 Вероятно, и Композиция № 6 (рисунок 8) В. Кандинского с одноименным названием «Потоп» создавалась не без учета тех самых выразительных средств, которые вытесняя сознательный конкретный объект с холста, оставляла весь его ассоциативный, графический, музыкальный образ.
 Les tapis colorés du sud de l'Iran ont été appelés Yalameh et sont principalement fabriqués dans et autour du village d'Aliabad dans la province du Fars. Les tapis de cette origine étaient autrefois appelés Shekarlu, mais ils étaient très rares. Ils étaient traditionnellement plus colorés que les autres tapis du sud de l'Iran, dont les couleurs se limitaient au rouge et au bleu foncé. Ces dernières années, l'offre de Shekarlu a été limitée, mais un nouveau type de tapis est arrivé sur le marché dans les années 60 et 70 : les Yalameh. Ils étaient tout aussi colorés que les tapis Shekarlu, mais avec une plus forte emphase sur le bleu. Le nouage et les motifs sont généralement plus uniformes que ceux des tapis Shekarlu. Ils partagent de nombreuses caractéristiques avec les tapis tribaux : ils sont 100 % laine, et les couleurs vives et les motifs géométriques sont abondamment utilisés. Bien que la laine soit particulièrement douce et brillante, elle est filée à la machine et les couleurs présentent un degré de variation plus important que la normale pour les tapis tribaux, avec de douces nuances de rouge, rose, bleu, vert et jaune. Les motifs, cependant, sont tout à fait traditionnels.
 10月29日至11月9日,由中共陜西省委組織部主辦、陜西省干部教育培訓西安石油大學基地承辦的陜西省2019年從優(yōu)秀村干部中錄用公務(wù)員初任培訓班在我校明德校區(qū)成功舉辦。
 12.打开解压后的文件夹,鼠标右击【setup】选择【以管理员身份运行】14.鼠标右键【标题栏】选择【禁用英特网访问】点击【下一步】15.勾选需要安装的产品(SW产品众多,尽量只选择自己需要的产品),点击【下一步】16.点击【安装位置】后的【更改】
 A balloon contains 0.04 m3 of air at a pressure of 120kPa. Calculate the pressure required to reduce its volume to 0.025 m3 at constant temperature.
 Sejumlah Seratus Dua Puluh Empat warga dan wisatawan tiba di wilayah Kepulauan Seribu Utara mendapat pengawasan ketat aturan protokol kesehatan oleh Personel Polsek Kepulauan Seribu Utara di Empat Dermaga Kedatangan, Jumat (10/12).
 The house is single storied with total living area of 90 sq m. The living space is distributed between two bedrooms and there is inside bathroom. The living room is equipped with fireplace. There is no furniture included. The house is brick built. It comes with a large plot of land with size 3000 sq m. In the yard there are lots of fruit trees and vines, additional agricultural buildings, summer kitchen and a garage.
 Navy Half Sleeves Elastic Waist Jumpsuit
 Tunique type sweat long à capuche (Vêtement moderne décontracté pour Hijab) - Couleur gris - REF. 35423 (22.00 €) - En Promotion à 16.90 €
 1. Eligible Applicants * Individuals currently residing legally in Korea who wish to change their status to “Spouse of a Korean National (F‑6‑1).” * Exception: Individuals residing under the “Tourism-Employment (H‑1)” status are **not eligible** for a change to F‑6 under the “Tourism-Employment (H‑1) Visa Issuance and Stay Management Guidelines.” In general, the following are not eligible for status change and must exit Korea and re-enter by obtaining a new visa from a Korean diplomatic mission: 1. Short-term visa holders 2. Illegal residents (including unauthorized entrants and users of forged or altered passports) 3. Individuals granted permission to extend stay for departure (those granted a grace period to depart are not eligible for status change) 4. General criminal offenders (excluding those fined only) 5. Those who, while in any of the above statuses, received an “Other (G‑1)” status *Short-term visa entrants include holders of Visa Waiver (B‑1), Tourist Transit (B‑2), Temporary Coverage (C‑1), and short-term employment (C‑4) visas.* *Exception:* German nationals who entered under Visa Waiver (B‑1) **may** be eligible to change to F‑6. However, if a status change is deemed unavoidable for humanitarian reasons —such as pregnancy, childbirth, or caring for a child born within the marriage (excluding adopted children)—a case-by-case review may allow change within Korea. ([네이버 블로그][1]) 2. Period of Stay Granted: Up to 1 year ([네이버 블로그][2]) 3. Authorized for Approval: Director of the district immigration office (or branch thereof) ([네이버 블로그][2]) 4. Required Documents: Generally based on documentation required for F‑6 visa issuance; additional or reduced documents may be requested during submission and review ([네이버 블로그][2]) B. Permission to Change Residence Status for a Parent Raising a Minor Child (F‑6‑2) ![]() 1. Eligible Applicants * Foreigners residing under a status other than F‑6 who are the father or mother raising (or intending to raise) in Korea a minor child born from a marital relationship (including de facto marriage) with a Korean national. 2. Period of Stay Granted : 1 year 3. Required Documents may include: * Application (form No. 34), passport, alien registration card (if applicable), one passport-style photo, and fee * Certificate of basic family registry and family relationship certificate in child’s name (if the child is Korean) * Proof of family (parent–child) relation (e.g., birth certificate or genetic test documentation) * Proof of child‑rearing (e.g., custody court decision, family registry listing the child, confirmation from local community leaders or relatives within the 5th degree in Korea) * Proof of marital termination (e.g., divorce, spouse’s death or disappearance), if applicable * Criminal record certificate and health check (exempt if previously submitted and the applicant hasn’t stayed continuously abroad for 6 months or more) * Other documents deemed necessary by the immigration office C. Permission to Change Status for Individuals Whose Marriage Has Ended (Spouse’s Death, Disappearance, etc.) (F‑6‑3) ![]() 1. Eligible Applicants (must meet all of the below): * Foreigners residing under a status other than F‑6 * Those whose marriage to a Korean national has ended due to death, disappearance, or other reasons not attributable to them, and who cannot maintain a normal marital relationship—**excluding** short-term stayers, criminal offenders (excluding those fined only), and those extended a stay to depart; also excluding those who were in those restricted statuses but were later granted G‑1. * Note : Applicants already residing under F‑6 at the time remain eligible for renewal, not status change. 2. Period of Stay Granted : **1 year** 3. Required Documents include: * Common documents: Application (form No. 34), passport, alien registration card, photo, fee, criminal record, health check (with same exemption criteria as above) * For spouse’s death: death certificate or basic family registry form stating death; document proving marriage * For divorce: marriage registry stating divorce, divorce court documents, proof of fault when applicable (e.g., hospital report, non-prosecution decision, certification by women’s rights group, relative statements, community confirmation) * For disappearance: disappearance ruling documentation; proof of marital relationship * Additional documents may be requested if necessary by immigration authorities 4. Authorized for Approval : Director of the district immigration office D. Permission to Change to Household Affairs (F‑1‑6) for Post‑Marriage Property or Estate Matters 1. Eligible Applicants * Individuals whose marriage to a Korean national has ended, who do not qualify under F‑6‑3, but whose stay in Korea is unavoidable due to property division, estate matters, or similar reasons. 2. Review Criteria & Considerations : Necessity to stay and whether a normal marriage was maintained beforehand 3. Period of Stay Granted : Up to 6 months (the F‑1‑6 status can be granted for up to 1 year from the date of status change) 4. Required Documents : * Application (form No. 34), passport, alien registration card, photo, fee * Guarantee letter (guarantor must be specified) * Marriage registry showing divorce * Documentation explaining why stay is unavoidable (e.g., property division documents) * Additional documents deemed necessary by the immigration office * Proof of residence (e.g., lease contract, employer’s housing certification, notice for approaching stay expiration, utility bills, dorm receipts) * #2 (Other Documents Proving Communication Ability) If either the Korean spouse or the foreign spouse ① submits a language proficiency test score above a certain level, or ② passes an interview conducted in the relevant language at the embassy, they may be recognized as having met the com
...
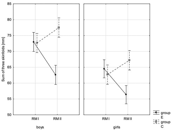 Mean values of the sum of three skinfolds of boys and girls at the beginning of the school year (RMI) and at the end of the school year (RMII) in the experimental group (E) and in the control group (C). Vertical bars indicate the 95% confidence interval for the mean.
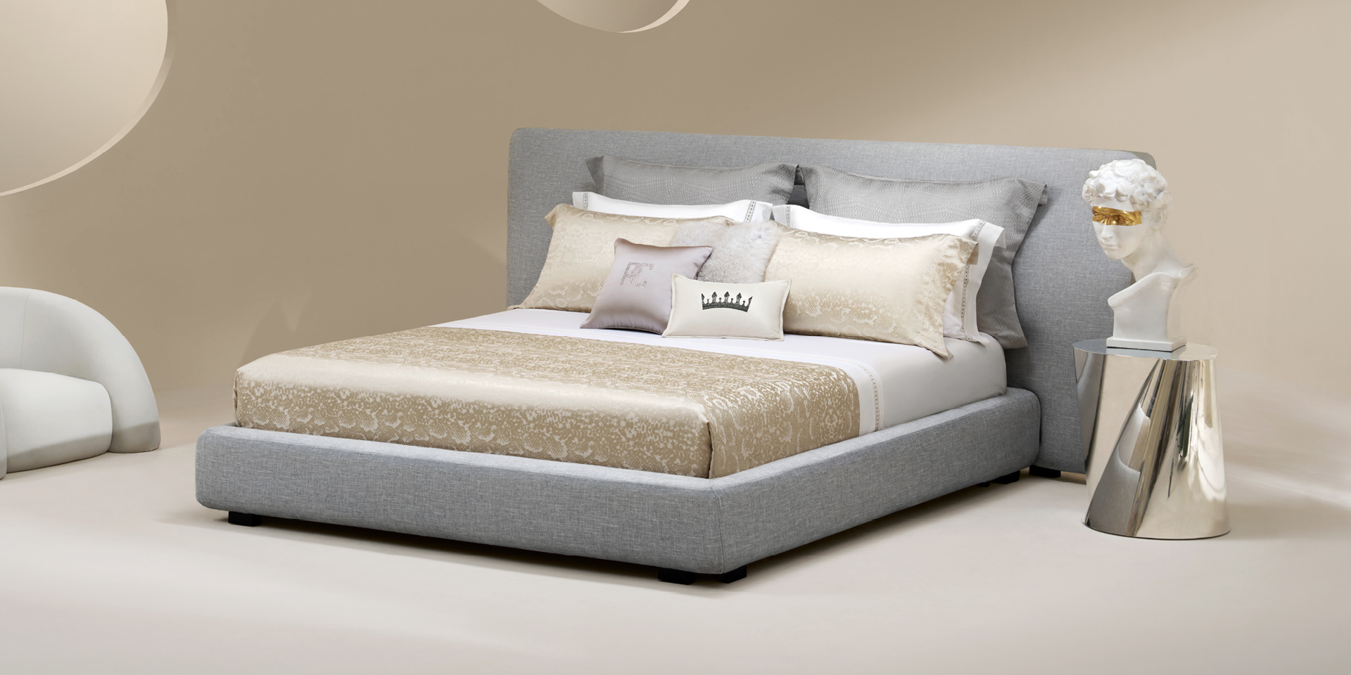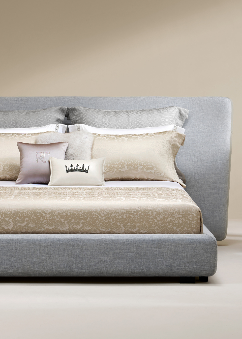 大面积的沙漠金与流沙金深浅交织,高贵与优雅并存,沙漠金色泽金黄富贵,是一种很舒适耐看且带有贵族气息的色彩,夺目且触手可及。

WORK ITEM:
Copy the lines that hold the word "type". Take them from the records above.

EXERCISE SOLUTION:
 Les tapis colorés du sud de l'Iran ont été appelés Yalameh et sont principalement fabriqués dans et autour du village d'Aliabad dans la province du Fars. Les tapis de cette origine étaient autrefois appelés Shekarlu, mais ils étaient très rares. Ils étaient traditionnellement plus colorés que les autres tapis du sud de l'Iran, dont les couleurs se limitaient au rouge et au bleu foncé. Ces dernières années, l'offre de Shekarlu a été limitée, mais un nouveau type de tapis est arrivé sur le marché dans les années 60 et 70 : les Yalameh. Ils étaient tout aussi colorés que les tapis Shekarlu, mais avec une plus forte emphase sur le bleu. Le nouage et les motifs sont généralement plus uniformes que ceux des tapis Shekarlu. Ils partagent de nombreuses caractéristiques avec les tapis tribaux : ils sont 100 % laine, et les couleurs vives et les motifs géométriques sont abondamment utilisés. Bien que la laine soit particulièrement douce et brillante, elle est filée à la machine et les couleurs présentent un degré de variation plus important que la normale pour les tapis tribaux, avec de douces nuances de rouge, rose, bleu, vert et jaune. Les motifs, cependant, sont tout à fait traditionnels.
 Tunique type sweat long à capuche (Vêtement moderne décontracté pour Hijab) - Couleur gris - REF. 35423 (22.00 €) - En Promotion à 16.90 €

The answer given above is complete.